To ensure the best possible setup for breeding, you will need to establish a breeding tank.  Ensure that you provide enough vegetation as this will put the fish at ease and encourage spawning. The pH of the water should be slightly acidic, preferably between 5.5 to 6. The water hardness should be as low as possible, with a dGH below 1.5.

When you first introduce the pair to the aquarium, make sure to close the light of the aquarium and if possible, surround the around with paper to prevent light from entering. A few days later, begin to increase the amount of light very slowly in the aquarium. This will encourage the pair to spawn.

Eventually, the pair will spawn, typically between 50 to 100 eggs. At this point, you will want to remove the pair from the aquarium to prevent them from eating the eggs.

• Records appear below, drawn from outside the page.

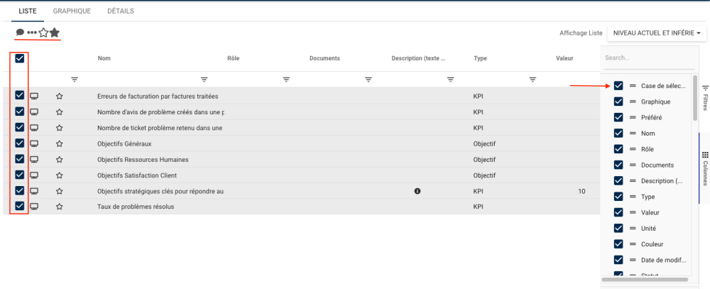 1. Accédez à la page Liste de votre choix et assurez-vous que les cases à cocher de sélection sont activées. Sélectionnez les objets souhaités et l’icône à trois points apparaîtra sur l’en-tête de la page.
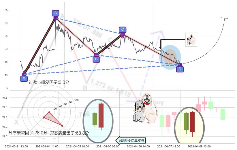 ➣ 阳包阴形态 + 谐波伽利d拐点上涨支撑信号叠加后【信号初始稳固度】偏低,【看多】信号叠加【可信度影响降权】
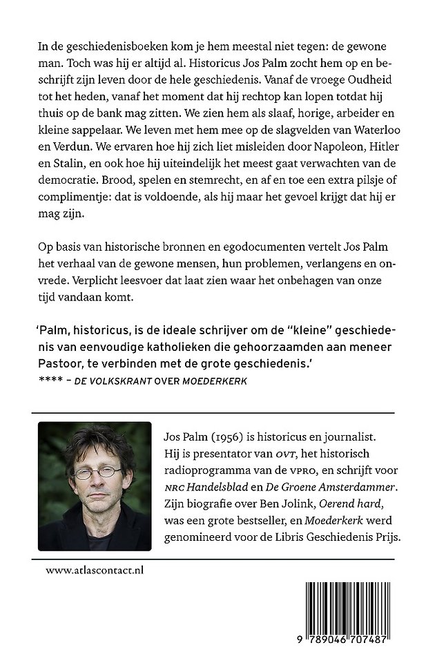 Op basis van historische bronnen en egodocumenten vertelt historicus Jos Palm in 'De gewone man' het verhaal van de kleine, gewone mensen, hun problemen, verlangens en onvrede. Want, in de geschiedenisboeken kom je hem meestal niet tegen: de gewone man. Toch was hij er altijd al. Palm zocht hem op en beschrijft zijn leven door de hele geschiedenis. Vanaf de vroege Oudheid tot het heden, vanaf het moment dat hij rechtop kan lopen totdat hij thuis op de bank mag zitten. We zien hem als slaaf, horige, arbeider en kleine sappelaar. We leven met hem mee op de slagvelden van Waterloo en Verdun. We ervaren hoe hij zich liet misleiden door Napoleon, Hitler en Stalin, en ook hoe hij uiteindelijk het meest gaat verwachten van de democratie. Brood, spelen en stemrecht, en af en toe een extra pilsje of complimentje: dat is voldoende, als hij maar het gevoel krijgt dat hij er mag zijn. Verplicht leesvoer dat laat zien waar het onbehagen van onze tijd vandaan komt.
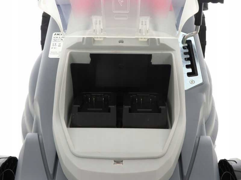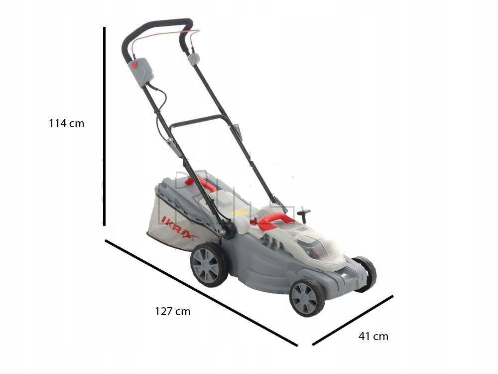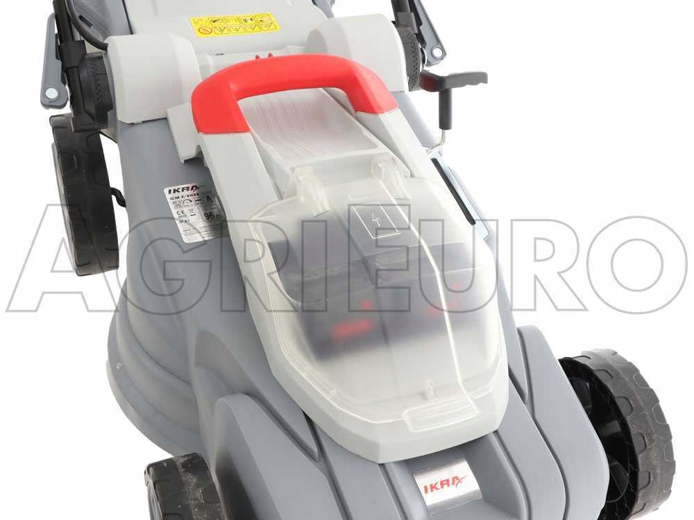 Косарка Ikra живиться від двох батарей 20 В, які з’єднані послідовно. . Ширина зрізу косарки 38 см. Травосбірник вміщує 40 літрів. Завдяки вазі 16 кг і практичній ручці машинку легко транспортувати..
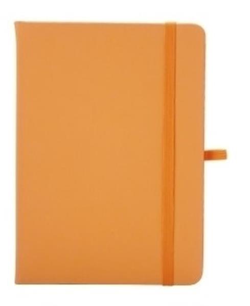 Caderneta emborrachada com suporte para caneta, elástico para lacre e marcador de página em cetim, contém aproximadamente 80 folhas com pauta na cor branca. Tamanho 17,7x12,5 cm
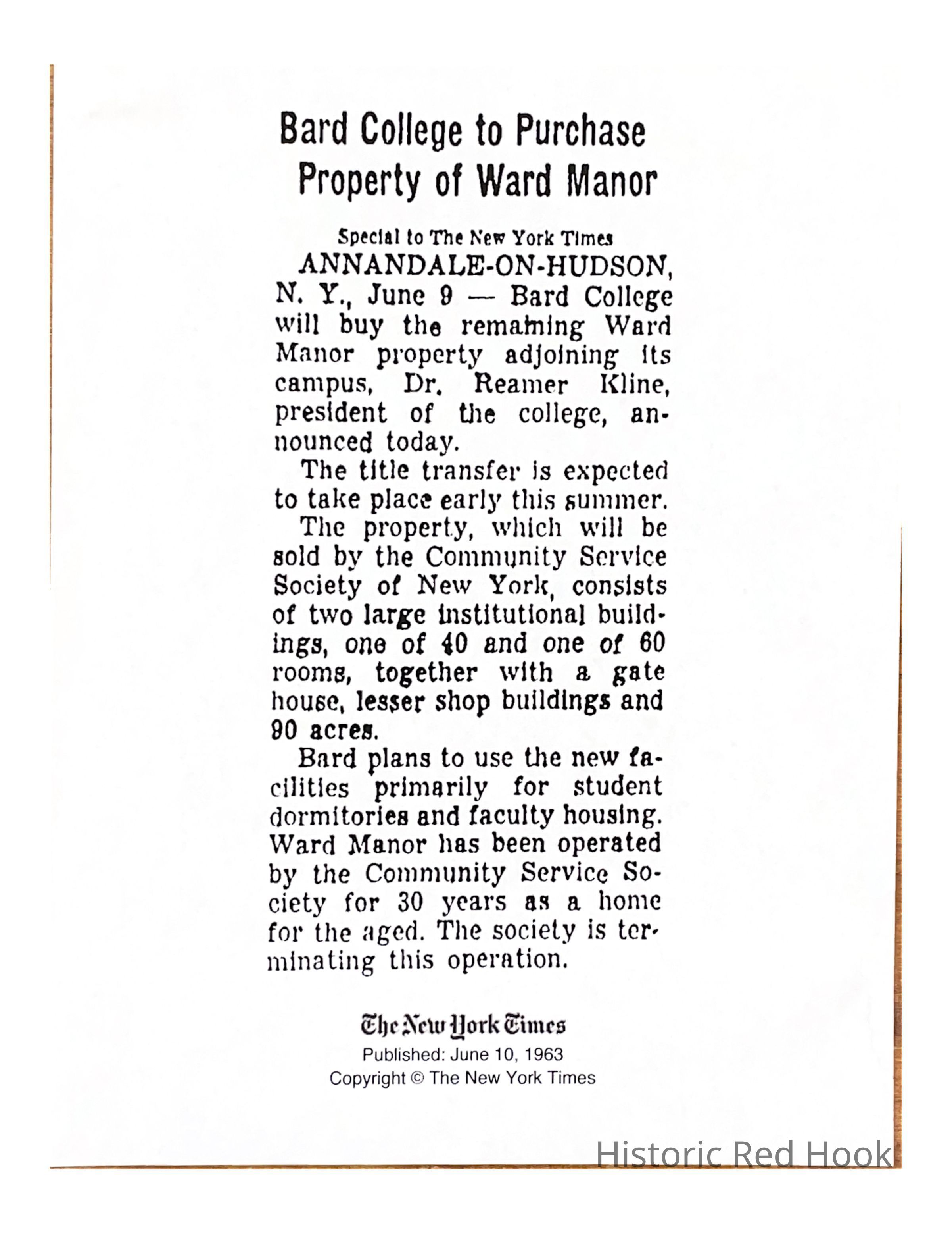 Bard to Purchase Ward Manor clippingEntry/Object ID
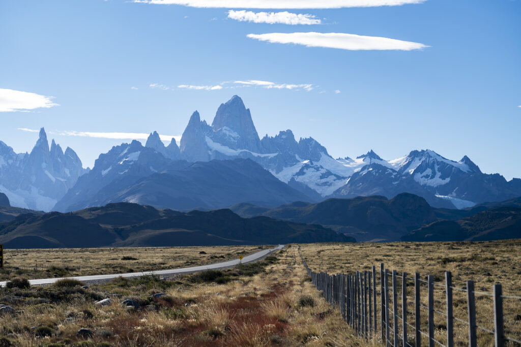 Der Fitz Roy, von dem wir am Anfang nur die Spitzen erahnen können, kommt nur kaum merkbar näher, die schnurgerade Strasse nach El Chaltén führt durch das immergleiche Panorama – links See, rechts Hochebene, ein paar Gunancos äugen über die Wegzäune.

The eggs will take 24 to 36 hours to hatch. You should expect a hatch rate between 25 to 50%.

Once hatched, the fry will remain near their eggs for a few days as they feed on yolk sack. Soon enough they will begin to swim around in the aquarium. You should then begin to feed them live foods like infusoria or commercially available prepared foods specifically made for fry fish.

You will be able to feed them bigger foods, like brine shrimp, 2-3 weeks later.

Make sure to keep the lights of the aquarium low, as the eggs and the fry are sensitive to light.